Apache Hive uses a Hive Query language, which is a declarative language similar to SQL. Hive translates the hive queries into MapReduce programs.
It supports developers to perform processing and analyses on structured and semi-structured data by replacing complex java MapReduce programs with hive queries.
One who is familiar with SQL commands can easily write the hive queries.
Hive makes the job easy for performing operations like
- Analysis of huge datasets
- Ad-hoc queries
- Data encapsulation
Working of Hive
Step 1: executeQuery: The user interface calls the execute interface to the driver.
Step 2: getPlan: The driver accepts the query, creates a session handle for the query, and passes the query to the compiler for generating the execution plan.
Step 3: getMetaData: The compiler sends the metadata request to the metastore.
Step 4: sendMetaData: The metastore sends the metadata to the compiler.
The compiler uses this metadata for performing type-checking and semantic analysis on the expressions in the query tree. The compiler then generates the execution plan (Directed acyclic Graph). For Map Reduce jobs, the plan contains map operator trees (operator trees which are executed on mapper) and reduce operator tree (operator trees which are executed on reducer).
Step 5: sendPlan: The compiler then sends the generated execution plan to the driver.
Step 6: executePlan: After receiving the execution plan from compiler, driver sends the execution plan to the execution engine for executing the plan.
Step 7: submit job to MapReduce: The execution engine then sends these stages of DAG to appropriate components.
For each task, either mapper or reducer, the deserializer associated with a table or intermediate output is used in order to read the rows from HDFS files.

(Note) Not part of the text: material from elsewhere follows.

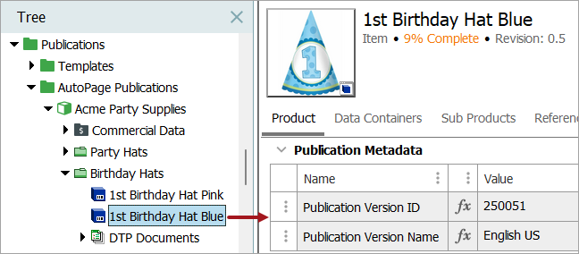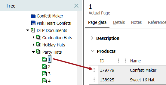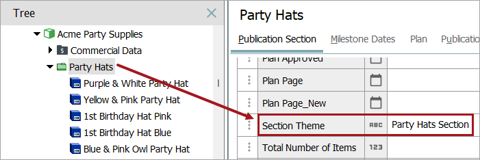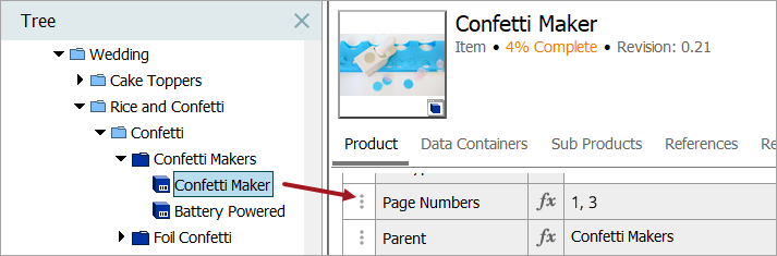 When the Confetti Maker product is selected in the Tree, the page numbers on which it appears display in the calculated attribute field, e.g., pages 1 and 3.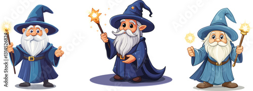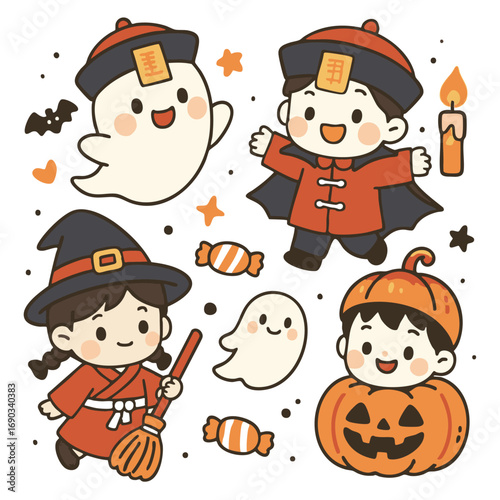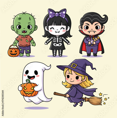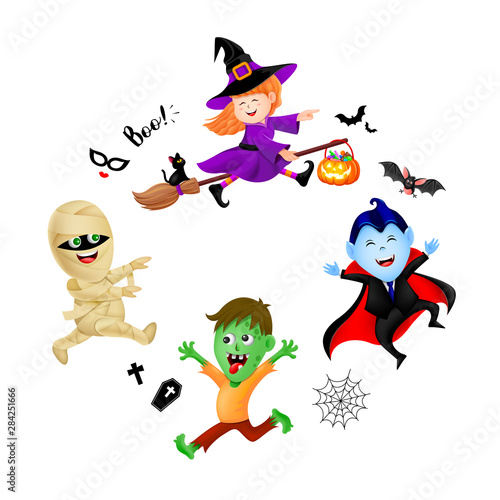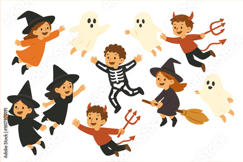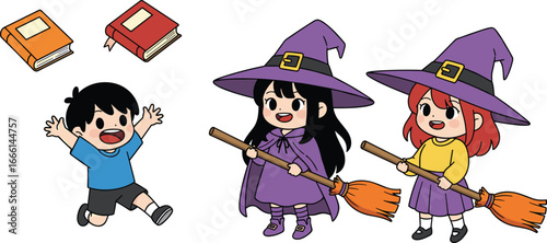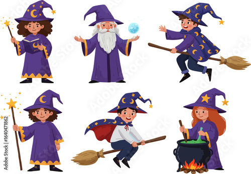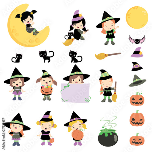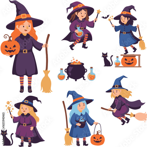 Милые маленькие ведьмочки верхом на метле, готовят зелье в кипящем котле и т.д. Векторная иллюстрация, изолированная на белом фоне. Ведьмы на Хэллоуин для приглашения на вечеринку, плаката, наклейки, печати.

These are then passed through the associated operator tree.
Once the output gets generated, it is then written to the HDFS temporary file through the serializer. These temporary HDFS files are then used to provide data to the subsequent map/reduce stages of the plan.

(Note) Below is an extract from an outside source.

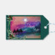 Vackra vattenfärgsscenen med silhuetten från de tre Kung som färdas till den nyfödda Jesus. Religiösa julkort som proklamerar Kristus födelse.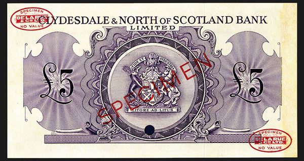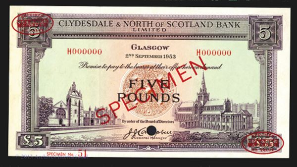Scotland. Pick #192a for type. Unlisted Specimen. DeLaRue ovals in corners, number in lower left. Punch hole cancel on signature. Back right edge with paper tone from former mounting. Scarce. PMG graded Choice Uncirculated 64 NET with note of previously mounted.

For DML operations, the final temporary file is then moved to the table’s location.
Step 8,9,10: sendResult: Now for queries, the execution engine reads the contents of the temporary files directly from HDFS as part of a fetch call from the driver. The driver then sends results to the Hive interface.
In short, we can summarize the Hive Architecture tutorial by saying that Apache Hive is an open-source data warehousing tool. The major components of Apache Hive are the Hive clients, Hive services, Processing framework and Resource Management, and the Distributed Storage.
The user interacts with the Hive through the user interface by submitting Hive queries.
The driver passes the Hive query to the compiler. The compiler generates the execution plan. The Execution engine executes the plan.